XGBoost is a gradient boosting framework that constructs trees sequentially, where each new tree corrects the residuals of the previous ensemble [24]. The algorithm incorporates regularization to prevent overfitting and supports shrinkage learning rates, column subsampling, and early stopping. XGBoost has demonstrated strong performance in remote sensing applications, particularly when handling high-dimensional feature sets derived from multispectral and ancillary data [25]. We implemented XGBoost using the xgboost library in Python. Model optimization was conducted via a 10-fold cross-validated grid search over key hyperparameters, including the number of trees, learning rate, and maximum depth.

3.2.4. CatBoost

CatBoost is a gradient boosting algorithm specifically designed to handle categorical variables efficiently and mitigate prediction shift through ordered boosting [26]. Unlike other tree-based ensemble methods, CatBoost can directly incorporate categorical predictors without requiring one-hot or label encoding, reducing the risk of information loss and target leakage. In this study, CatBoost was included because the dataset contained categorical predictors such as forest type. We implemented CatBoost models using the catboost library in Python, and hyperparameters were optimized via a 10-fold cross-validated grid search.

3.3. Performance Evaluation

Model performance was evaluated using four statistical metrics: coefficient of determination (R²), root mean squared error (RMSE), mean absolute error (MAE), and mean absolute percentage error (MAPE). R² indicates the proportion of variance explained by the model, whereas RMSE and MAE measure the absolute magnitude of prediction errors. MAPE expresses the error relative to the observed values as a percentage.
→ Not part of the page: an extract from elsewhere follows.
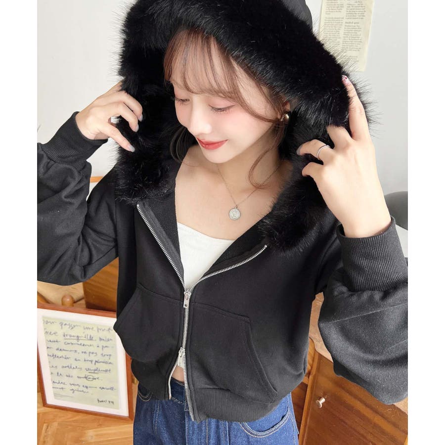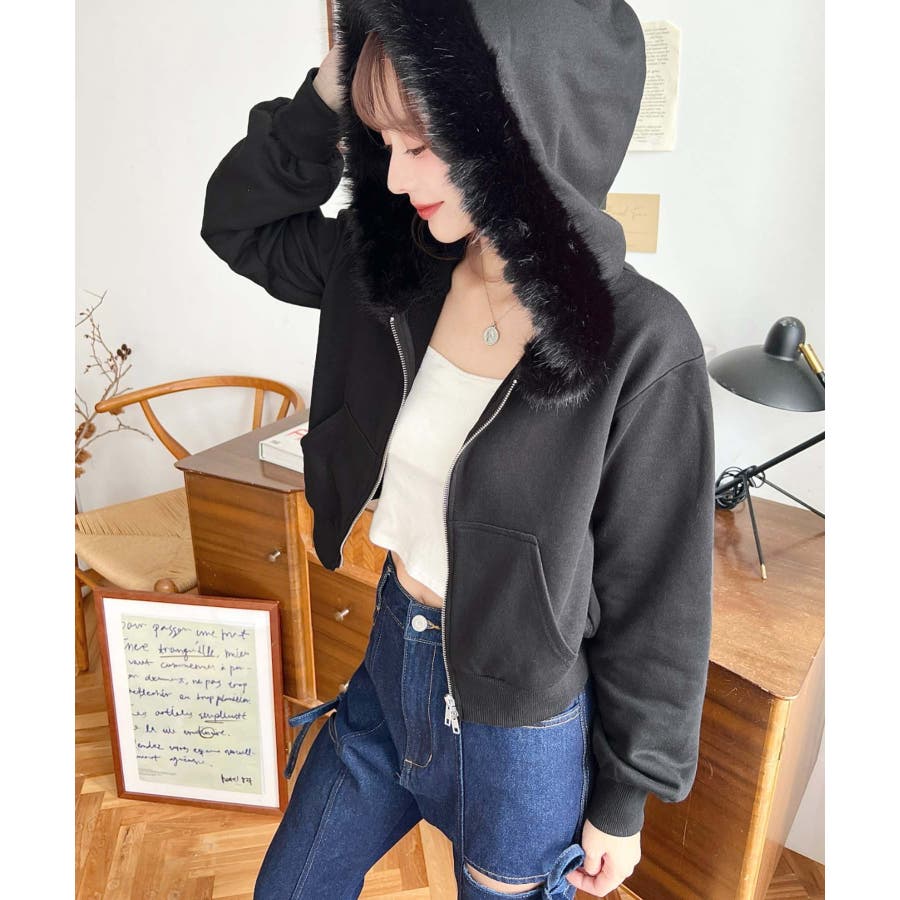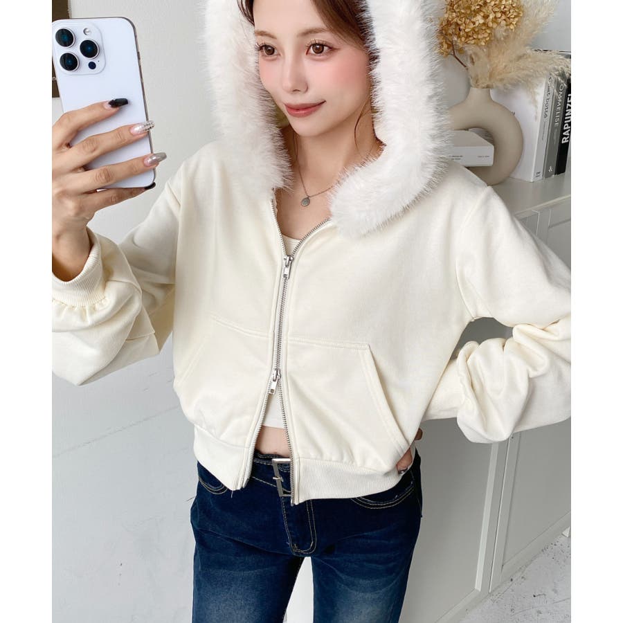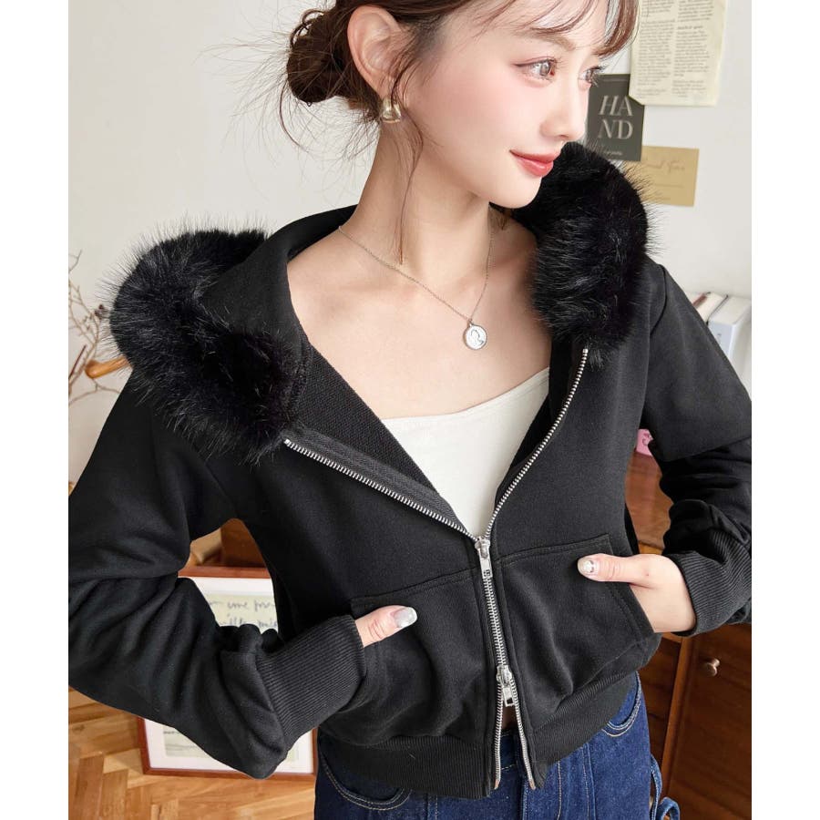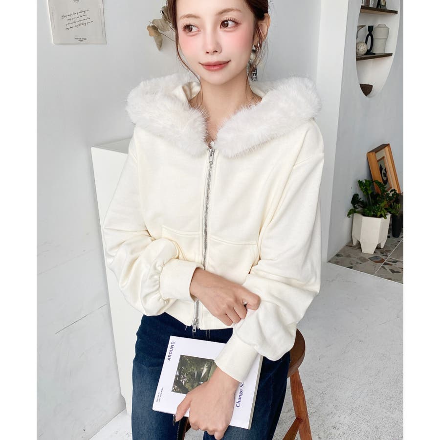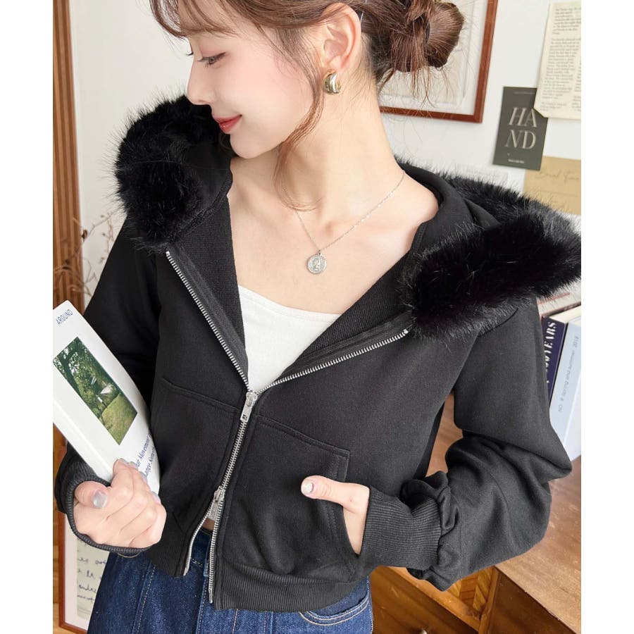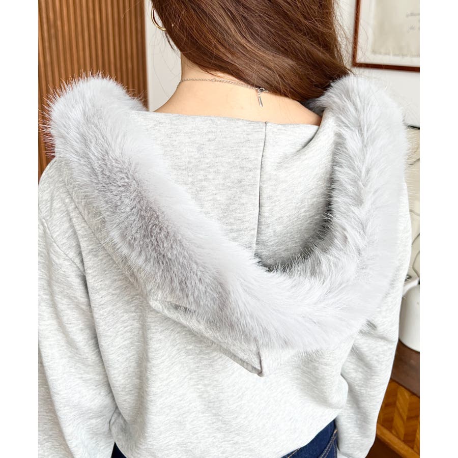 【ふんわりファーが季節感たっぷりな旬のショート丈パーカー◎】

These metrics are defined as follows:

R M S E = \sqrt{\frac{1}{n} \sum_{i = 1}^{n} {(Y i - \hat{Y} i)}^{2}}

(1)

M A E = \frac{1}{n} \sum_{i = 1}^{n} |Y i - \hat{Y} i|

(2)

M A P E = \frac{100}{n} \sum_{i = 1}^{n} |\frac{Y i - \hat{Y} i}{Y i}|

(3)

R^{2} = 1 - \frac{\sum {(Y i - \hat{Y} i)}^{2}}{{\sum (Y i - \bar{Y})}^{2}}

(4)

where

Y i

is the observed value (NFI),

\hat{Y} i

is the estimated value,

\bar{Y}

is the mean of the observed values, and n is the number of samples.

To ensure a robust evaluation, hyperparameter tuning was performed via 10-fold cross-validation within the search ranges. The full hyperparameter grids and the final selected optimal values are summarized in Table A1.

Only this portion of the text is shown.